**TASK BRIEF**
Leaving out the pictures, return each line of the entries from the first through the line with "(туника женская дрим)", and only those lines.

= Beginning of Section =

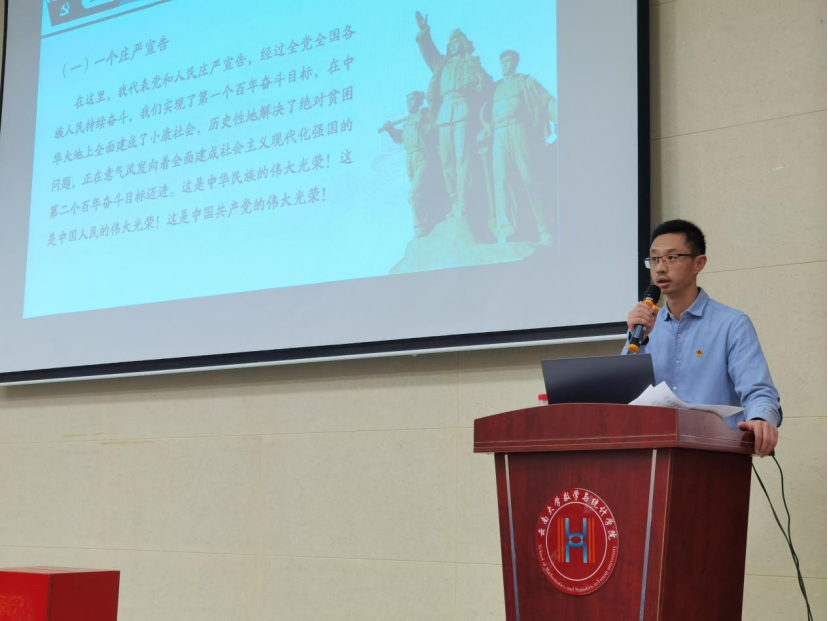 2021年10月29日下午15:00,威廉体育官方网站数学与统计公司党委书记徐瑾在格物楼3103报告厅,带领公司全体党员师生一同学习了习近平总书记在庆祝中国共产党成立100周年大会上的重要讲话精神。
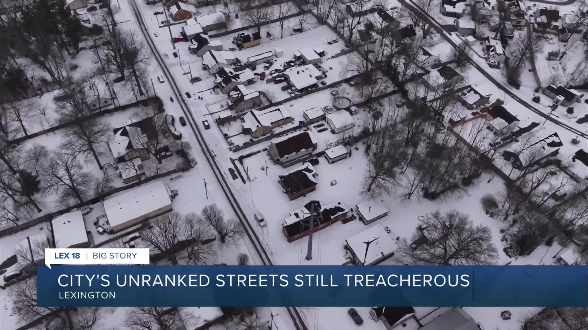 LEXINGTON, Ky. (LEX 18) — Lexington residents living on unranked streets have endured two weeks of treacherous, icy road conditions while waiting for city snow removal assistance that may never come. Those streets aren't on the city's so-called plow list.
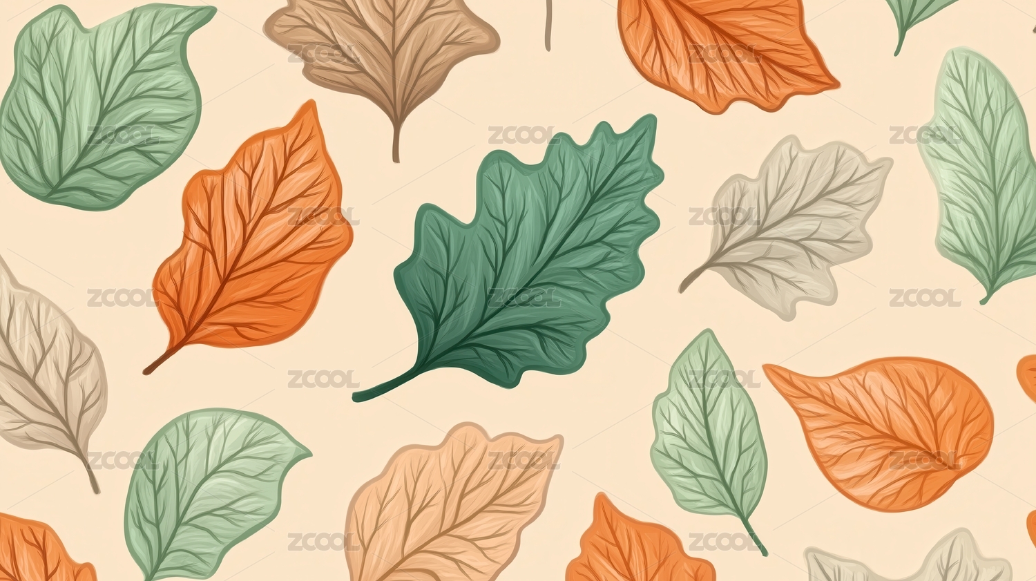 平铺彩色叶子红叶四方连续无缝循环扁平插画
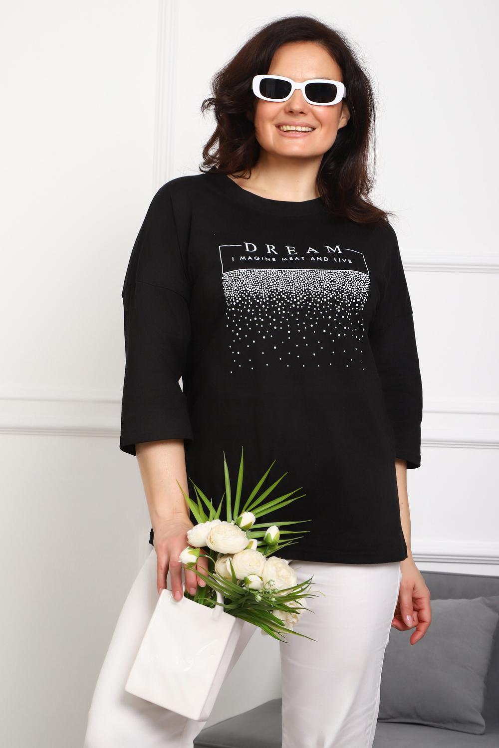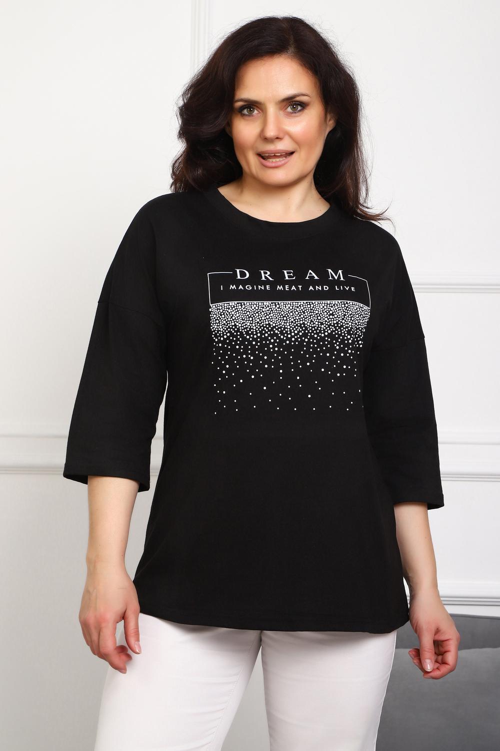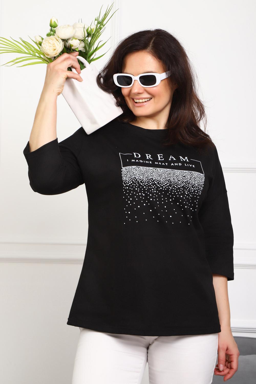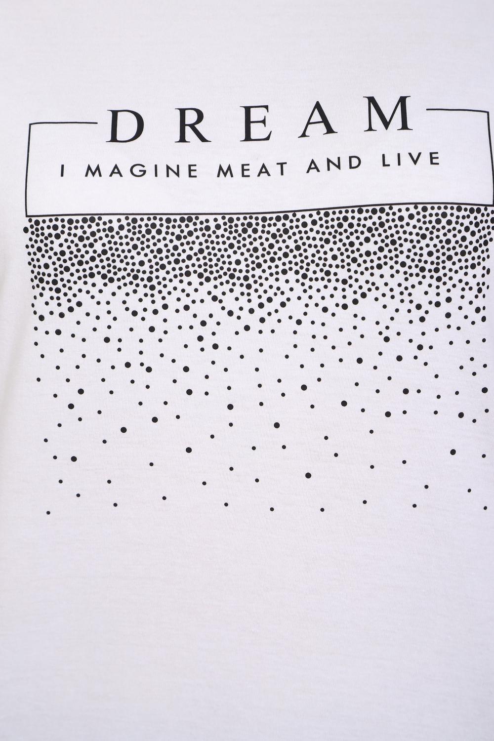 (туника женская дрим) Женская туника из мягкой и приятной к телу кулирки, выполненная из натурального хлопка (100%). Эта модель идеально подчеркнет вашу фигуру благодаря элегантному приталенному силуэту и слегка приспущенной линии плеча. Рукава длиной 3/4 делают образ комфортным и универсальным, а круглый вырез горловины добавляет легкости и нежности общему виду. Особенное внимание привлекает стильный принт на груди, украшенный изящной надписью, создающими романтичное настроение. Свободная посадка обеспечивает комфорт и свободу движений, делая этот предмет гардероба идеальным выбором для повседневных образов и отдыха.
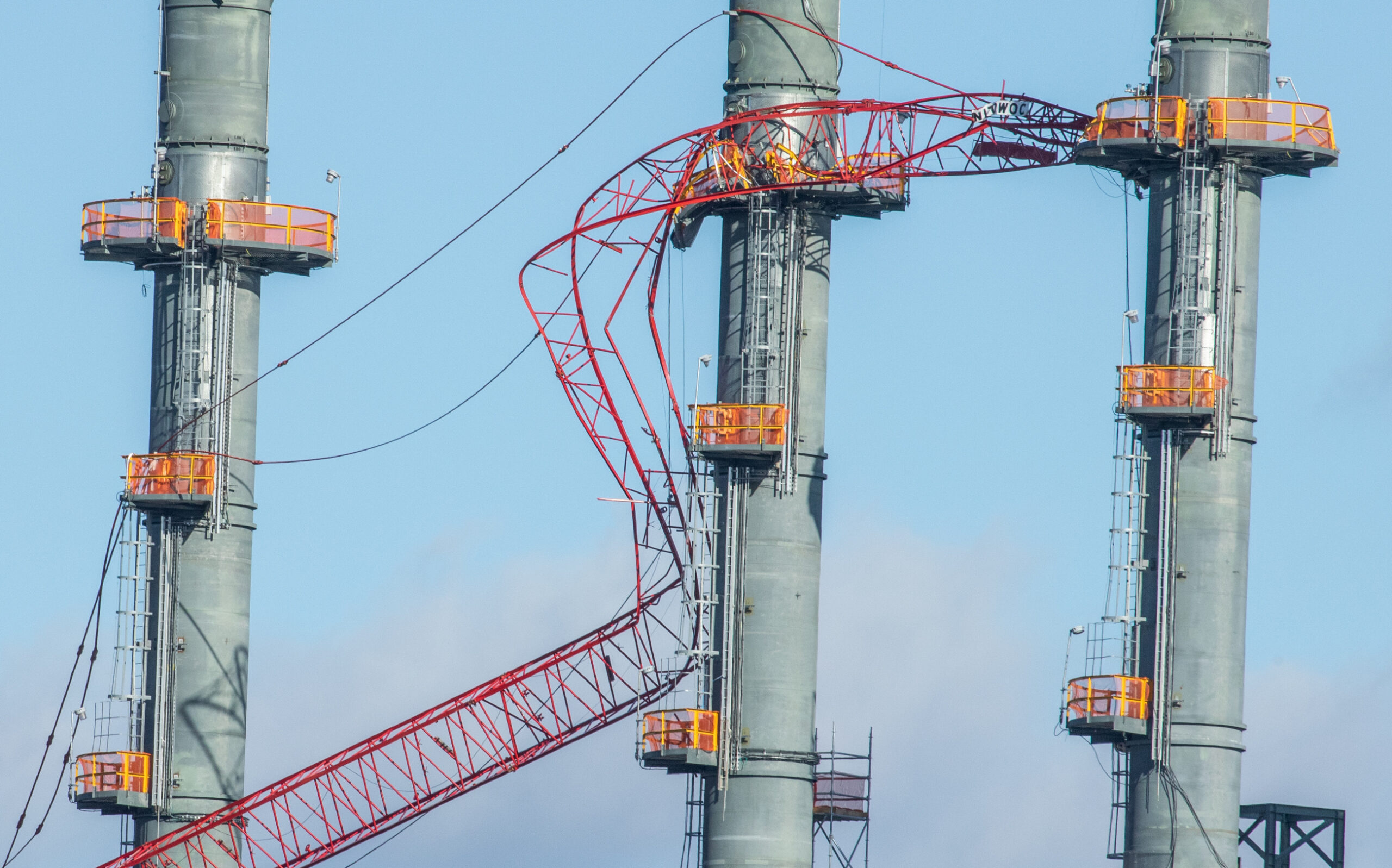 A crane at the Shell Pennsylvania Petrochemicals Complex that collapsed in strong winds on Sunday, Nov. 15, 2020, photographed on Monday, Nov. 16, 2020, in Potter Township. (Andrew Rush/Post-Gazette)
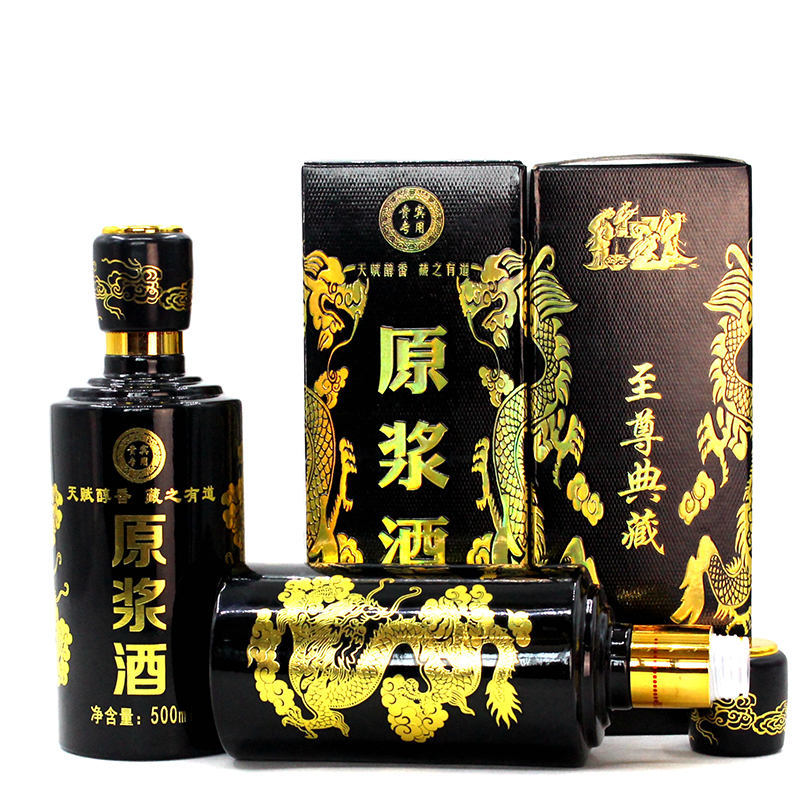 Black Bronzing Gold Double Dragon Original Pulp Bottle Black Waist Drum Cover Black Dragon Gold Card Wine Box Black Dragon Handbag Black Dragon Outer Case Black Dragon 6 Bottles Waist Drum Cover Full Box Carry-on Color Box
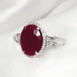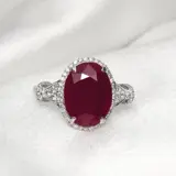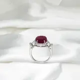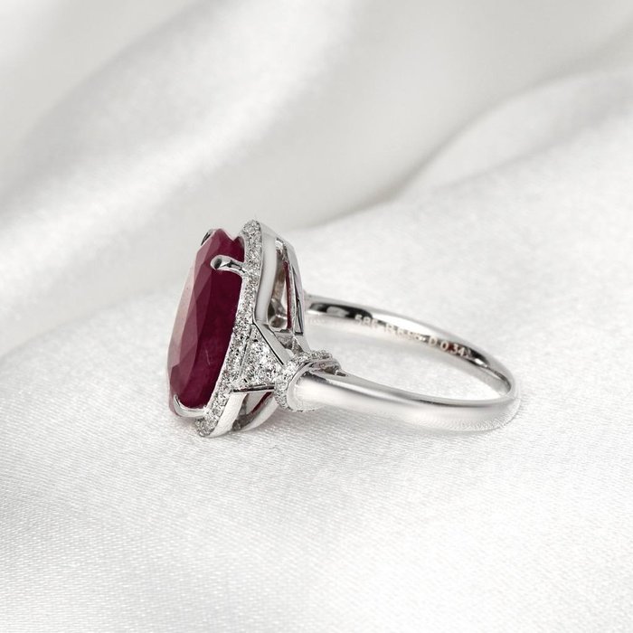 Een IGI-gecertificeerde natuurlijke onverwarmde robijn van 6,96 ct bezet met natuurlijke FG VS-diamanten van 0,34 ct op de 14K witgouden band.
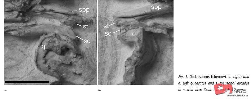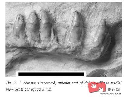 Haber and Polcyn (2005)根据Judeasaurus tchernovi和其他海生蜥类包括胀蜥Adriosaurus 及Pontosaurus,基层沧龙类包括特提斯龙Tethysaurus, Haasiasaurus及 大洋龙属Halisaurus的比较,最后确定Judeasaurus tchernovi是巨蜥下目(Varanoidea)中的新属种, 前沿融合及圆状的方骨显示犹太蜥Judeasaurus tchernovi和沧龙类有关,它和晚白垩纪另一类海生蜥类Dolichosauridae有关系。

= End of Section =

**YOUR SOLUTION**
 2021年10月29日下午15:00,威廉体育官方网站数学与统计公司党委书记徐瑾在格物楼3103报告厅,带领公司全体党员师生一同学习了习近平总书记在庆祝中国共产党成立100周年大会上的重要讲话精神。
 LEXINGTON, Ky. (LEX 18) — Lexington residents living on unranked streets have endured two weeks of treacherous, icy road conditions while waiting for city snow removal assistance that may never come. Those streets aren't on the city's so-called plow list.
 平铺彩色叶子红叶四方连续无缝循环扁平插画
 (туника женская дрим) Женская туника из мягкой и приятной к телу кулирки, выполненная из натурального хлопка (100%). Эта модель идеально подчеркнет вашу фигуру благодаря элегантному приталенному силуэту и слегка приспущенной линии плеча. Рукава длиной 3/4 делают образ комфортным и универсальным, а круглый вырез горловины добавляет легкости и нежности общему виду. Особенное внимание привлекает стильный принт на груди, украшенный изящной надписью, создающими романтичное настроение. Свободная посадка обеспечивает комфорт и свободу движений, делая этот предмет гардероба идеальным выбором для повседневных образов и отдыха.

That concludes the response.